In the boarding-house, the strangers were the sole topic of conversation. They occupied three rooms and had a great deal of baggage, and the man seemed to be very rich, though simple in his tastes. They were to stay in Paris until the young woman's delivery, in a month or so. She expected to go to a hospital nearby. But the man was very ill, they said. Madame Lemercier was extremely annoyed. She was afraid he would die in her house. She had made arrangements by correspondence, otherwise she would not have taken these people in--in spite of the tone that their wealth might give to her house. She hoped he would last long enough to be able to leave. But when you spoke to her, she seemed to be worried.

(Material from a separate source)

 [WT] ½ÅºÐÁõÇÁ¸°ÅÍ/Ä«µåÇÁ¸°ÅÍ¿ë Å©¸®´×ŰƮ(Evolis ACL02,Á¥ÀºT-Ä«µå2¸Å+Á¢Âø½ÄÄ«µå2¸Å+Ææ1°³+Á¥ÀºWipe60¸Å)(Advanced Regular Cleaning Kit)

When I saw him again, I felt he was really going to die soon. He sat in his chair, collapsed, with his elbows on the arms of the chair and his hands drooping. It seemed difficult for him to look at things, and he held his face bowed down, so that the light from the window did not reveal his pupils, but only the edge of the lower lids, which gave the impression of his eyes having been put out. I remembered what the poet had said, and I trembled before this man whose life was over, who reviewed almost his entire existence like a terrible sovereign, and was wrapped in a beauty that was of God.

CHAPTER IX

Some one knocked at the door.

It was time for the doctor. The sick man raised himself uncertainly in
awe of the master.

"How have you been to-day?"

"Bad."

"Well, well," the doctor said lightly.

They were left alone together. The man dropped down again with a slowness and awkwardness that would have seemed ridiculous if it had not been so sad. The doctor stood between us.

"How has your heart been behaving?"

By an instinct which seemed tragic to me, they both lowered their voices, and in a low tone the sick man gave his daily account of the progress of his malady.

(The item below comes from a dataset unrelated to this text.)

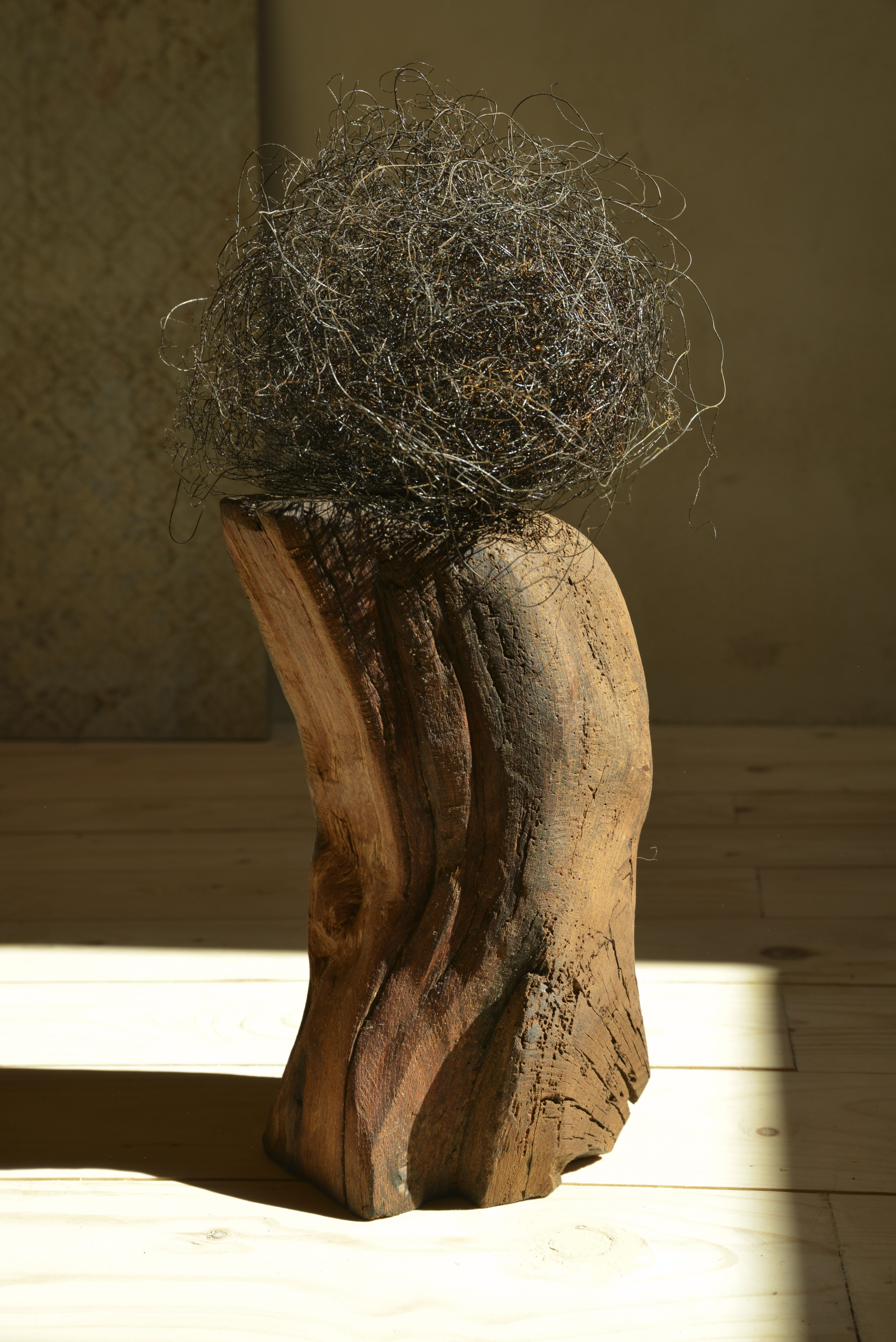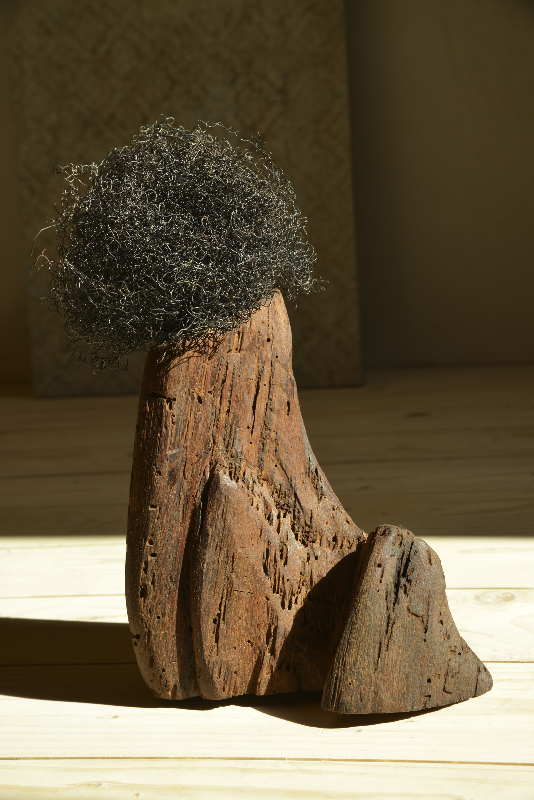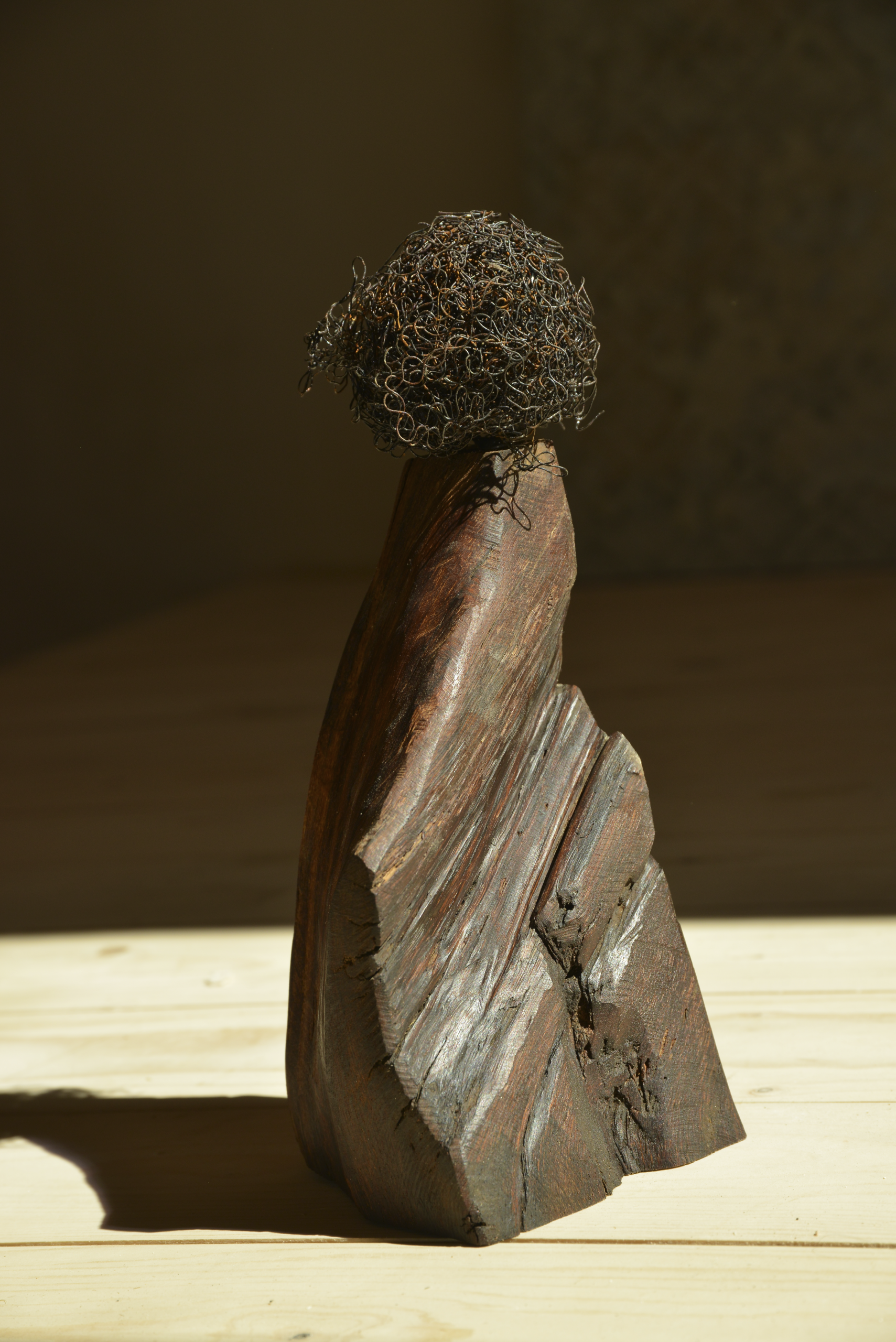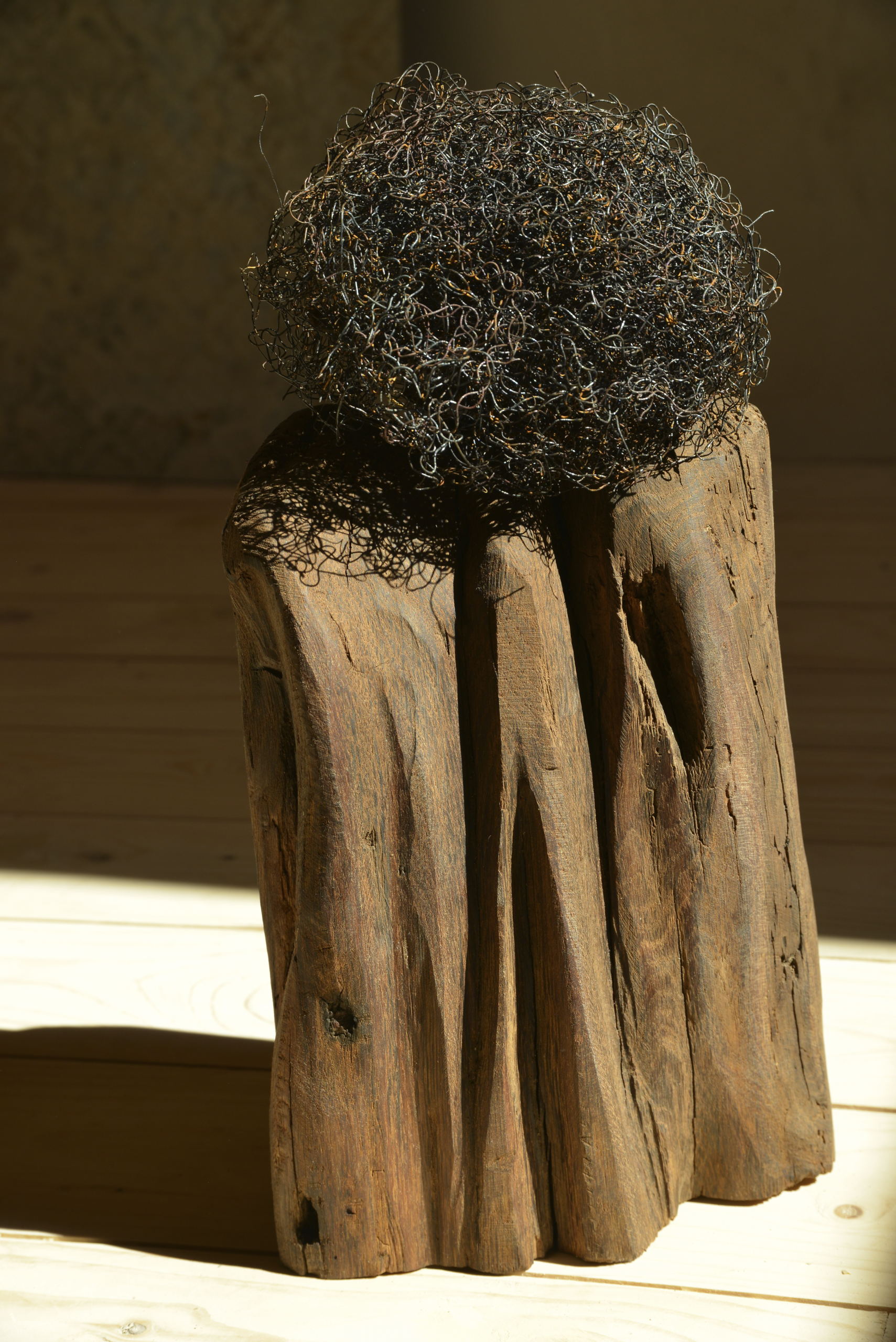 Der Draht hielt ursprünglich Strohmatten des Zaunes eines Bauernhauses neu gewonnener Freunde im Dorf zusammen. Den Draht habe ich nach dem Verbrennen der Matten geformt und brüniert. Das Eichenholz ist verworfenes Bauholz und stammt aus meiner 200jahre alten Scheune. Es wurde gesägt, gebeilt, geschliffen, zur Reinigung 40 Minuten 70 Grad erhitzt, anschließend geölt

The man of science listened, interrupted, and nodded his head in approval. He put an end to the recital by repeating his usual meaningless assurances, in a raised voice now and with his usual broad gesture.

"Well, well, I see there's nothing new."

He shifted his position and I saw the patient, his drawn features and wild eyes. He was all shaken up by this talking about the dreadful riddle of his illness.

He calmed himself, and began to converse with the doctor, who let himself down squarely into a chair, with an affable manner. He started several topics, then in spite of himself returned to the sinister thing he carried within him, his disease.

"Disgusting!" he said.

"Bah!" said the doctor, who was blasé.

Then he rose.

"Well, till to-morrow!"

"Yes, for the consultation."

"Yes. Well, good-by!"

The doctor went out, lightly carrying the burden of misery and cruel memories, the weight of which he had ceased to feel.